Born in Kentucky I grew up in the Detroit suburbs. I would sometimes spend a week or two, once I spent six weeks, in Kentucky, staying with cousins or with my grandparents. It was an entirely different world for me, providing some of the best and worst times of my growing up years. I had a great time on a dairy farm with several of my cousins, milking cows, hoeing tobacco, running over the hills and up and down a creek that surrounded the big farm. I remember too, periods of abject boredom, sitting around my grandparent's old farm house with nothing to do but wander about the red clay yard or kill flies on my grandmother's screened-in back porch.
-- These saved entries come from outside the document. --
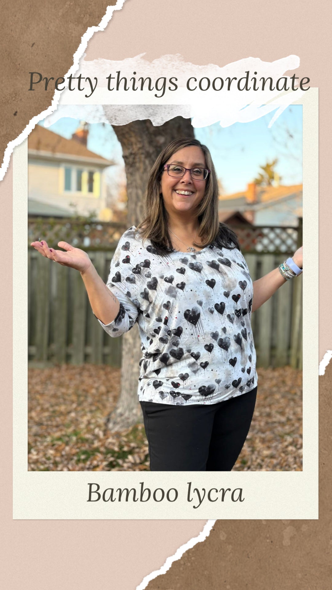 Custom printed bamboo lycra that is stretchy and super soft. Excellent drape for dresses, light for summer pjs and so much more. 70% stretch 4-way
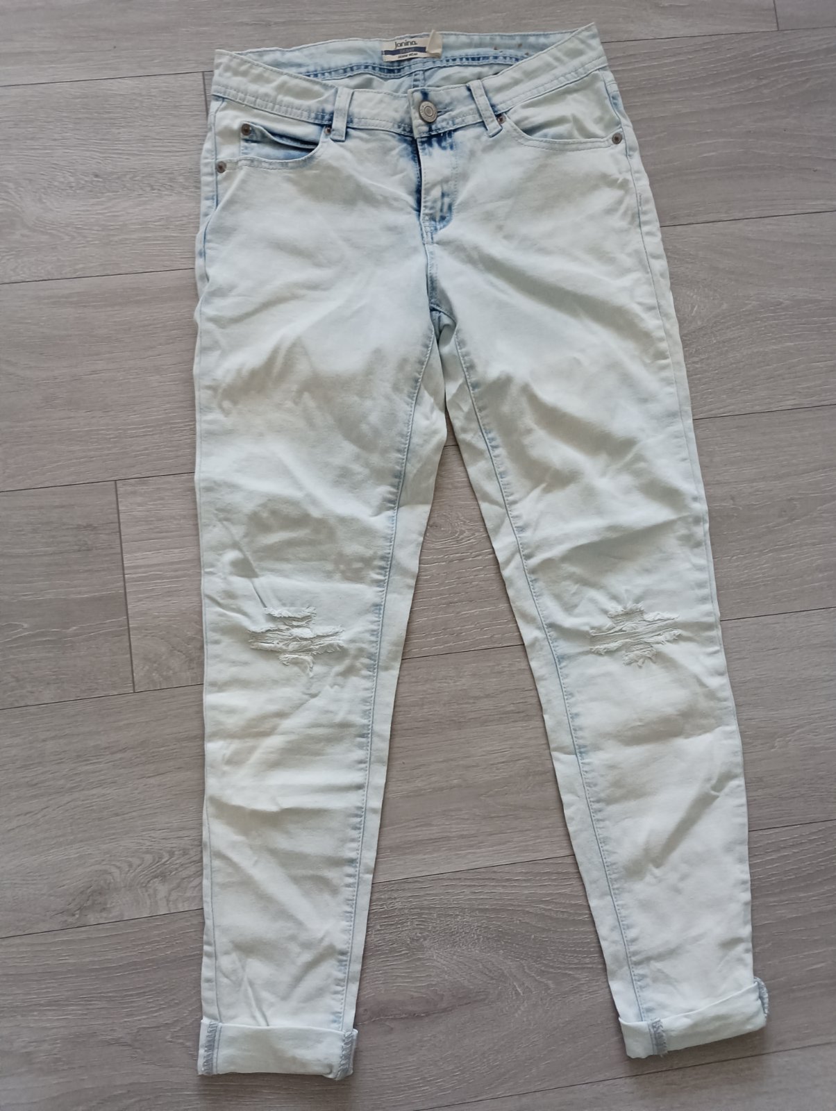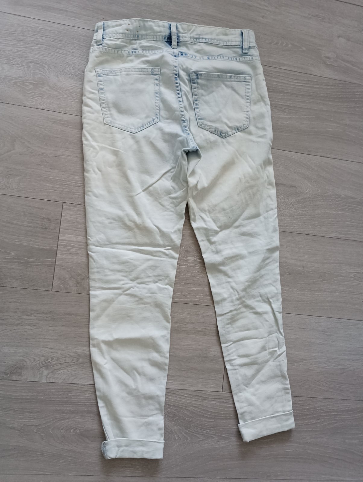 Bledomodré rifle rovného strihu. - nepoškodené, 2x oblečené. Veľkosť: je značená 40/L, ale sedí skôr na 38/M. ✂️ROZMERY📐berte ich prosím cca 1/2cm +/- 🖤 Pás - cca 38cm (odfotené) Dĺžka - cca 10...
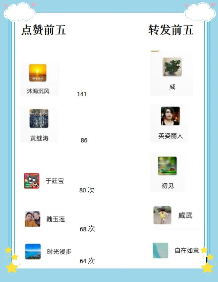 根据最近两天后台数据,公布上期10名中奖名单,分别是点赞👍前五名和转发前五名:
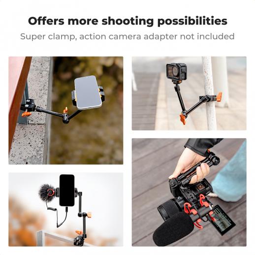 - * 【Kompatible enheder】- Begge ender af den magiske arm har 6 mm skruer, der muliggør fastgørelse af kameraholdere, blitz, mikrofoner, webkameraer, skærme, DSLR-kameraer, smartphones og actionkameraer. Kompatibel med GoPro/DJI/Insta360-enheder. *Telefonholder/klemme/kameraadaptere medfølger ikke.
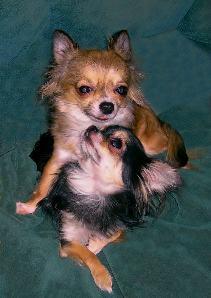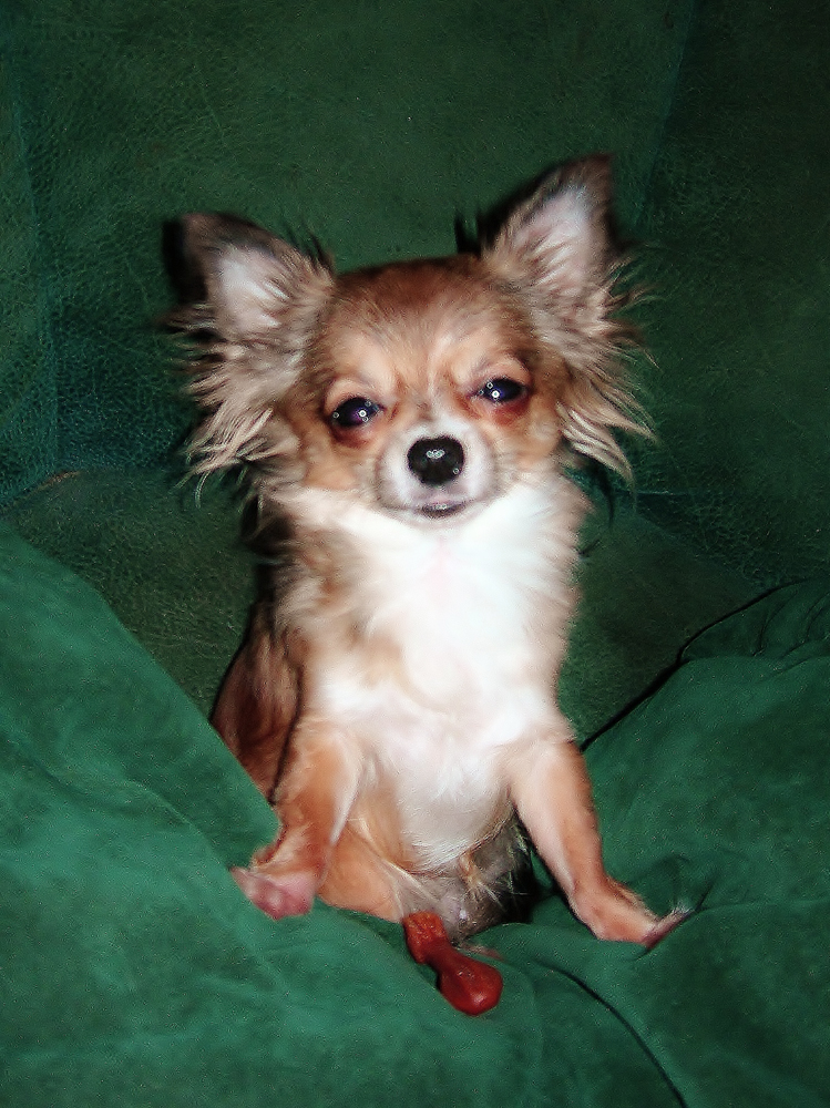 Здравствуйте дорогие форумчане! Вот уже полгода, как я поселилась на этом форуме, многих из вас я знаю, читаю ваши истории, обожаю рассматривать фото, радуюсь и плачу вместе с вами, обожаю ваших питомцев и восхищаюсь их хозяевами. Моему появлению здесь я обязана маленькой чишке, знакомой некоторым из вас по теме в разделе объявлений, там она звалась Микроб. Эту замечательную собу я присмотрела в качестве подружки для моей малышки Мышки. История моего знакомства с чихами началась в далёком 1999 году. К тому времени в нашей семье жил красавец шоколадный доберман. Его появлению предшествовали долгие уговоры. Мой сынуля - единственный ребёнок в семье, нуждался в общении, а папа выставлял очень строгие требования к собаке. Маленькая собака не рассматривалась вообще. В итоге мне предоставили список: доберман, веймарская легавая и выжла. Я нашла только добермана. Это был чудный лопоухий щенок, который сразу решил, что мальчик в доме это существо для игр и только. Рос он очень быстро, и мой ребёнок с удивлением обнаружил, что собака считает его своей игрушкой. Он тогда ходил в детский сад, читать не умел, а потому принёс мне атлас собак и попросил показать ему самую маленькую собачку. Я открыла страничку с чихами и показала ему какими они бывают. Ребёнок долго разглядывал картинки и изрёк: хочу такую, но чтобы она была лохматая, а цвета может быть любого. Мне тогда и в голову не пришло, что этот разговор будет иметь продолжение, и в итоге очень изменит мою жизнь. Но, как говорится человек предполагает... Спустя год я поехала на Птичку за кормом для собаки и оказалась в рядах, где продают щенков. Это сейчас я понимаю, как рисковала, но тогда события развивались помимо моей воли. Я просто спросила: -это чих? Мне ответили, вы что не видите, это той, а вот это - чих. Признаться большой разницы я не увидела, а когда мне озвучили цену, просто повернулась и ушла. Корм я так и не купила, и ноги сами понесли меня к тому месту, где продавали чиха. Он сидел в прозрачном пластиковом аквариуме вместе со своим приятелем тоем, и был таким несчастным. Надо заметить, что был конец января!!! Дама, продающая щенков, беспардонно вытащила его и стала совать мне в руки. На моё замечание о том, что я не обладаю нужной суммой, она не прореагировала и щенок волшебным образом оказался у меня в руках. Не стоит говорить, что отдать его обратно просто не было сил. Дама сказала, что стоять на морозе ещё один день она не в силах и согласна на ту сумму, которая у меня есть. Всё, что происходило дальше вообще было как бы не со мной. Щенок сидел у меня за пазухой, в руках оказался домик, мисочка и ещё куча мелочей. В довершение ко всему, я не была уверена, что со всем этим добром меня не выставят из дома...
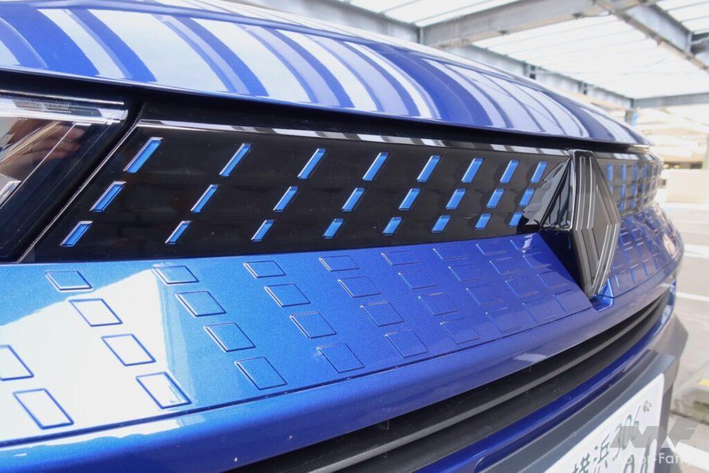 リヤランプのグラフィックにルノー各車の特徴であるCの字は残っているが、フロントからは消え、ヘッドライトは切れ長になり、バンパーサイドに特徴的なグラフィックのデイタイムランニングライト(DRL)が配されている。DRLはルノーのブランドロゴであるロザンジュがモチーフだそう。ポリカーボネート製のフロントグリルには、中央のロザンジュが水面に落ちた際の波紋のように模様が広がっている。

Certain aspects of these growing up years did come to light in the novel, Then Like The Blind Man: ORBIE'S STORY, knowingly at times, and at times spontaneously and distantly, as ghostly north-south structures, as composite personae, as moles and stains and tears and glistening rain and dark bottles of beer, rooms of cigarette smoke, haylofts and pigs.
Cormac McCarthy, James Baldwin, Carson McCullers, Raymond Carver and Flannery O'Conner, are among my literary heroes and heroines. Tone and style of these writers have influenced me in ways I'd be hard pressed to name, though the discerning reader might feel such influences as one word follows another and as I attempt to "stab the heart with...force" (a la Isaac Babel) by placing my periods (hopefully, sometimes desperately)"...just at the right place."